Figure 10Drivers of the inorganic carbon system. Component time series of the linear Taylor decomposition of (a) pH, (b) Ωarag, and (c) pCO2. Contributions of changes in salinity (turquoise), temperature (blue), biogeochemistry (pink), and freshwater mixing (green) to changes (black, relative to the mean of the time series) in pH, Ωarag, and pCO2 were computed following Rheuban et al. (2019). The gray dotted line illustrates an estimated residual term. Sea ice concentration (blue shading, %; DiGirolamo et al., 2022) is shown on the right axes.


Biogeochemistry (photosynthesis, respiration, calcification, dissolution) is the most important driver of the inorganic carbon dynamics at 33 m depth at the CEO site. The springtime relaxation events in 2018 and 2019 with relatively higher pH and Ωarag and lower pCO2 were mainly driven by biogeochemistry (Fig. 10, magenta). During these events O2 increased and NO3 decreased, suggesting photosynthetic activity (Figs. 2d, e and 3a). Near-bottom photosynthetic activity by phytoplankton or sea ice algae has been observed at different locations across the Chukchi Sea (Arrigo et al., 2017; Ouyang et al., 2022; Stabeno et al., 2020; Koch et al., 2020). Sediment trap data from a CEO deployment prior to the start of this pCO2 and pH time series suggest that export of the exclusively sympagic sea ice algae Nitzschia frigida peaked in May and June, during snowmelt and ice melt events (Lalande et al., 2020), further supporting the hypothesis that sea ice algae contributed to the CO2 drawdown. Interestingly, TA also increased significantly during these events in 2018 and 2019, which cannot be solely attributed to organic-matter production. Specifically, TA increased by 23 µmol kg−1 in 2019 (Fig. 11a). However, with an observed NO3 decrease of 7.6 µmol kg−1, we would expect an increase in TA by 7.6 µmol kg−1. This is assuming that NO3 is the primary source of nitrogen during organic-matter formation and that assimilation of 1 µmol of NO3 leads to an increase in TA of 1 µmol (Wolf-Gladrow et al., 2007). The TA increase of 23 µmol kg−1 is therefore larger than expected from organic-matter formation alone and is likely due to CaCO3 mineral dissolution. While direct evidence is missing, the strong TA increase suggests that CaCO3 mineral dissolution during sea ice break-up also plays an important role at the CEO site. As observed in other Arctic areas, it is possible that ikaite crystals that were trapped in the ice matrix dissolved in the water column when sea ice melted (Rysgaard et al., 2012, 2007).

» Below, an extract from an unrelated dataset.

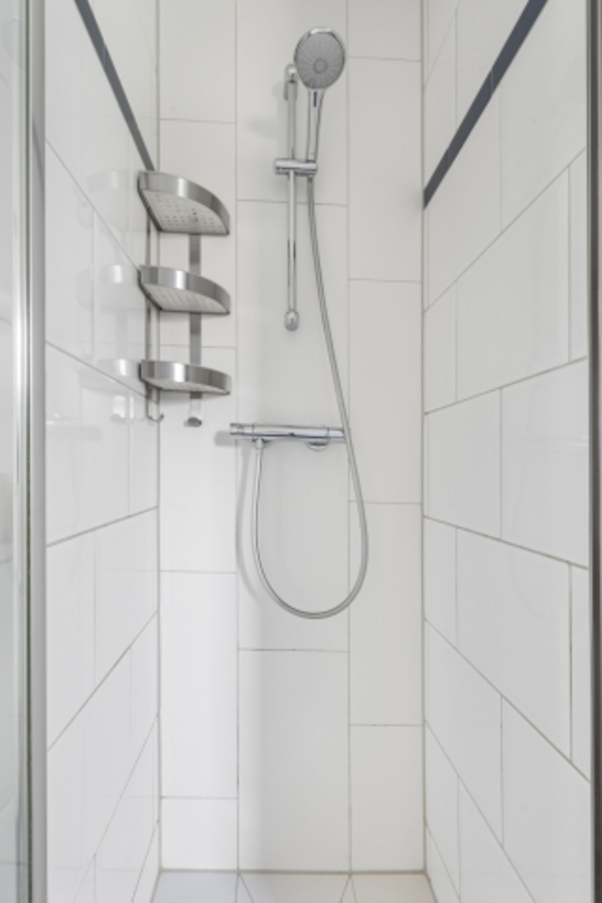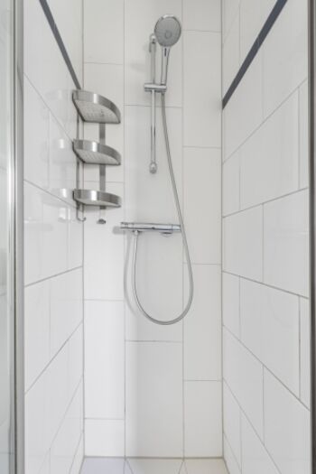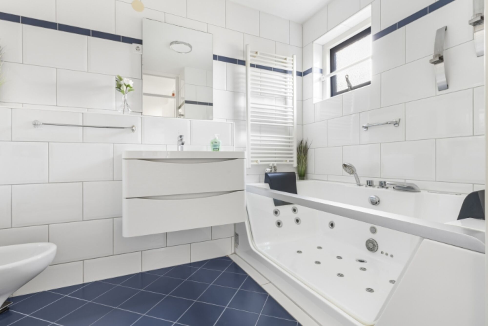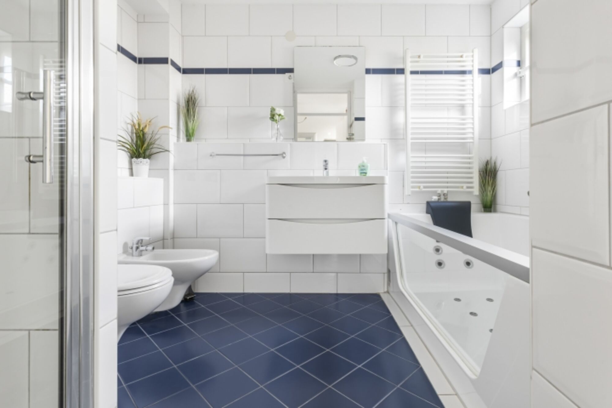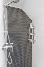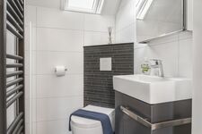 Ein Badezimmer im EG mit gläserner Badewanne für 2 Personen und separater barrierefreier Dusche sowie WC und BD, weiteres Duschbad mit WC sowie die Familiensauna im OG.

Figure 11Spring 2019 relaxation event. Time series of (a) total alkalinity (TA, µmol kg−1), (b) dissolved inorganic carbon (DIC, µmol kg−1), and (c) nitrate (NO3, µmol kg−1) from 1 May through 15 July 2019.

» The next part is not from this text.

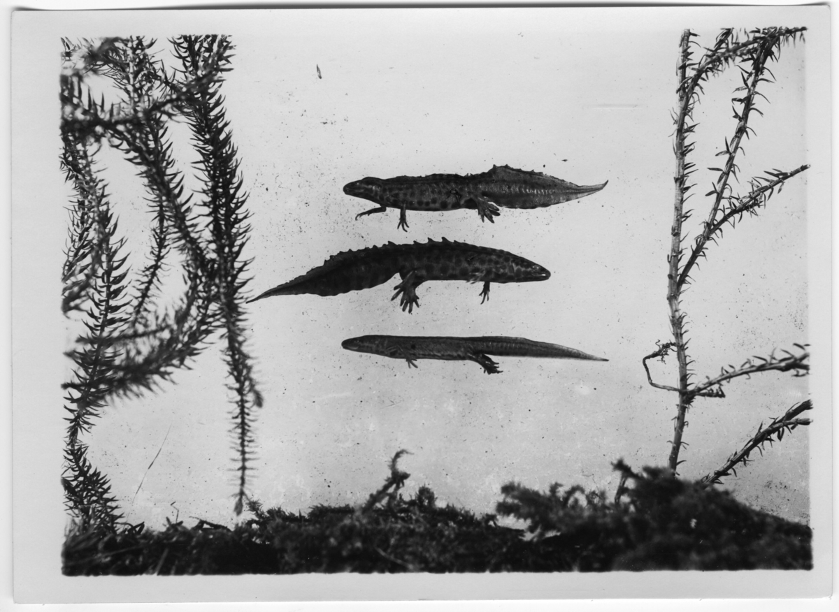 '3 ödlor, 2 hanar och 1 hona, av mindre vattenödlan. :: :: Ingår i serie med fotonr. 7015:1-91 med bilder av reptiler från Otto Cyréns samling.'

4.4 Progression of ocean acidification in the Chukchi Sea

Organisms living at the CEO site may have always been exposed to large seasonal variability and low pH and Ωarag (high pCO2), but the combined and cumulative effects of climate change and ocean acidification have rapidly made these conditions more extreme and longer lasting. Ocean acidification serves as a gradual environmental press by increasing the system's mean and extreme pCO2 and decreasing mean and extreme pH and Ωarag. Climate-induced changes to other important controls of the inorganic carbon system, such as sea ice, riverine input, temperature, and circulation can act as sudden pulses and further modulate the inorganic carbon system to a less predictable degree and cause extreme events (Woosley and Millero, 2020; Orr et al., 2022; Hauri et al., 2021; Qi et al., 2017). Huntington et al. (2020) describe a sudden and dramatic shift of the physical, biogeochemical, and ecosystem conditions in the Chukchi and northern Bering seas in 2017. For example, satellite data for the CEO site illustrate that the longest open-water seasons on record occurred between 2017 and 2020. Before 2017, the open-water season was on average 81 (±40) d long (i.e., below 15 % concentration), of which 60 (±44) d were ice free, whereas between 2017 and 2020, the low-sea-ice period was 157 (±30) d long, of which 152 (±24) d were ice free (Fig. 12). Sea ice decline and increased nutrient influx has also promoted increased phytoplankton primary production in the area (Lewis et al., 2020; Arrigo and van Dijken, 2015; Payne et al., 2021). Since our inorganic carbon time series started after the “dramatic shift” that was observed in the Chukchi Sea in 2017 (Huntington et al., 2020) and given the uncertainty in model output in this region, we can only speculate about how the changes in sea ice, temperature, and biological production may have affected seasonal variability and extremes of the inorganic carbon chemistry at the CEO site. However, since the summertime low pH and Ωarag and high pCO2 are tightly coupled to the length of the ice-free period and intensity of organic-matter production, it is possible that the observed summertime period of extreme conditions may have been previously unexperienced at this site. We therefore think it is justified to call the spikes in pH and Ωarag “ocean acidification relaxation events”, since the long-lasting summertime period of extremely low pH and Ωarag may be a new pattern.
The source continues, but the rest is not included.